From Dharamsala to Delhi and Mumbai to Murmagao, more and more foreigners are pigeon-holing in on ‘rest' rooms that never make it to the ‘Leading Hotels' list.
VoIP taverns, cannabis caverns, ethno-fusion chic, China shop freak. Shaken? Well, that's how Pahar Ganj, the dilapidated 1,500-plus hotel nest in central Delhi looks like at first glance. Tell-tale signs of dossing it out abound: garish banners shout ‘Talk Global, Pay Local', tobacconists stock the most exotic Virginias, ‘joint' ventures are commonplace and each hotel houses 20 rooms on an average.
Passerby Hila Izhaki from a village near Tel Aviv is unfazed. "I'm paying Rs 600 for a room here, which would otherwise have cost me ten times more. Besides, I'm just back from Almora where I was shelling out only Rs 100 a day for a very decent pad." SundayET checks in with how decent is decent.
Izhaki is not alone. She joins the ranks of nearly 1.3-million backpackers who make up around 30% of the 4.4-million tourists to India (Of the 4.4 million foreign arrivals in 2006, 32.1% arrived in Delhi, 25% in Mumbai, 10% in Chennai and 2.95% in Kolkata.) And that's a growing tribe ready to rough it out even at the by-lanes of mercy.
From Dharamsala to Delhi and Mumbai to Murmagao, more and more foreigners are pigeon-holing in on ‘rest' rooms that never make it to the ‘Leading Hotels' list. Here, brands refuse to make the cut but the word ‘grey' seems to blend in perfectly with Izhaki's grey top and the kitschy lining of curios flanking the sidewalk.
Evidence of grey clouds over India's hospitality market loom large and severely eat into the branded hotel segment. "In the last three years, average room rentals (ARRs) have skied 280%. Guests are shifting from branded hotels to the unbranded ones as they can't afford these properties anymore," says Siddharth Thaker, associate director of hotel consultancy, HVS International.
That calls for a rise of weird nomenclature in the hospitality space - Hotel Cheap in Pahar Ganj, Hotel Chu Manchu in Dharamsala and St Xavier's Lodge at Goa. In short, the unbranded hotel mart runs parallel to the organised sector. The unorganised segment has around 1,80,000 hotel rooms, 60% more than branded hotels. Besides, the ratio of grey to branded hotels gets starker as one moves from metros to smaller towns.
There's also the hugely price-sensitive, perhaps conscious-of-the-rising-rupee, foreigner who keep away from brands. "Almost 30% of the foreign arrivals are price-conscious backpackers who opt for accommodation in the unorganised market. Unlike European countries, India doesn't have $10 a night youth hostels," says Deep Kalra, CEO, Makemytrip.
Right under the steeples of Hotel Cheap, bean-counting tour operators, such as Cosy Travels and Zing-Zing Tours wheel a deal. Fly-by-night operators regularly facilitate the travel requirements of these foreigners in transit. "The grey market of tour operators is double the size of the organized segment," says Kalra. There are 3,000 IATA (International Air Transport Association)-registered tour operators in the country.

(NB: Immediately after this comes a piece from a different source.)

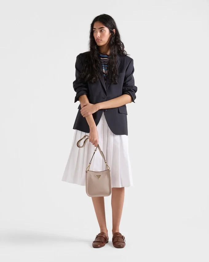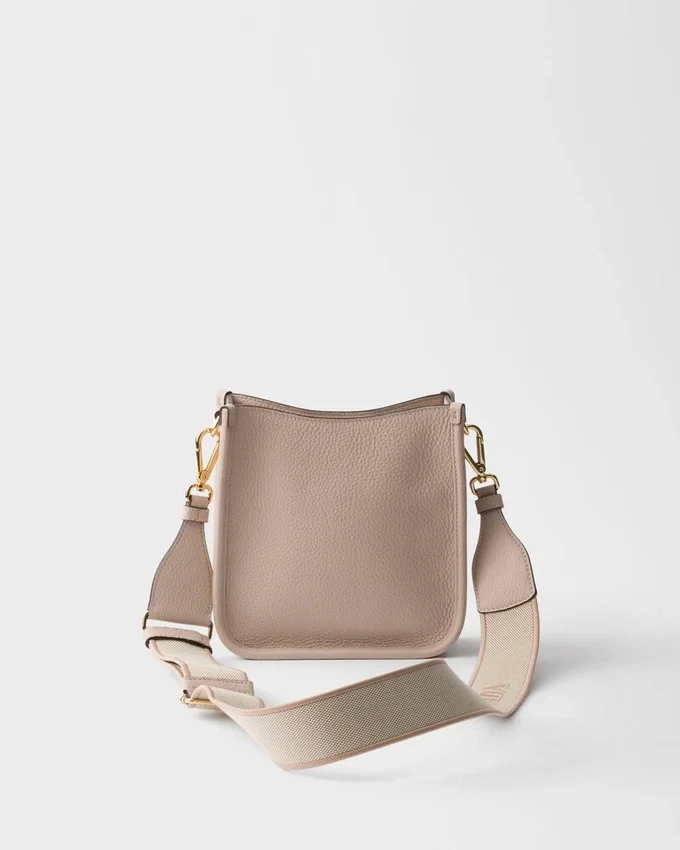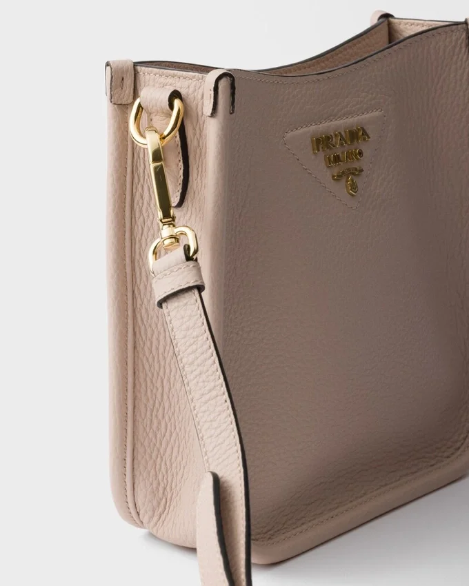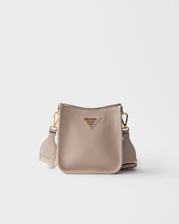 This Versatile Leather Bag Boasts a Sleek and Functional Design. The Shoulder Strap Adds a Sporty Element to the Accessory, Elevated by the Metal Logo Lettering That Stands out on the Simple Yet Distinctive Geometry of the Iconic Triangle.

In its own way, ministry of tourism has tried to crack the whip too. It launched the much-touted ‘Bed and Breakfast' (B&B) scheme last year to bring these unapproved ‘rest' rooms under the organized rainbow.
"There are many such unorganised hotels in Coorg and Goa," says Nandita Da Kunha, manager with KPMG. Anyhow, the government's B&B policy has come unstuck. "There is no incentive for the unorganised hotel players to get themselves registered or come under the classification of the ministry of tourism," says CV Prasad, president of Travel Agents' Association of India.
Bowing to the acute supply crunch, small guesthouses (three-to-five rooms) are becoming a norm of sorts across Delhi, Bangalore and Pune. There are around 10,000-12,000 such rooms across the country. Banana lassis and long-distance calls to Tel Aviv at Rs 4 for 3 minutes alone can't justify the shortfall. Hospitality needs to hop along to a place that does not acknowledge its last three alphabets. It's now or never.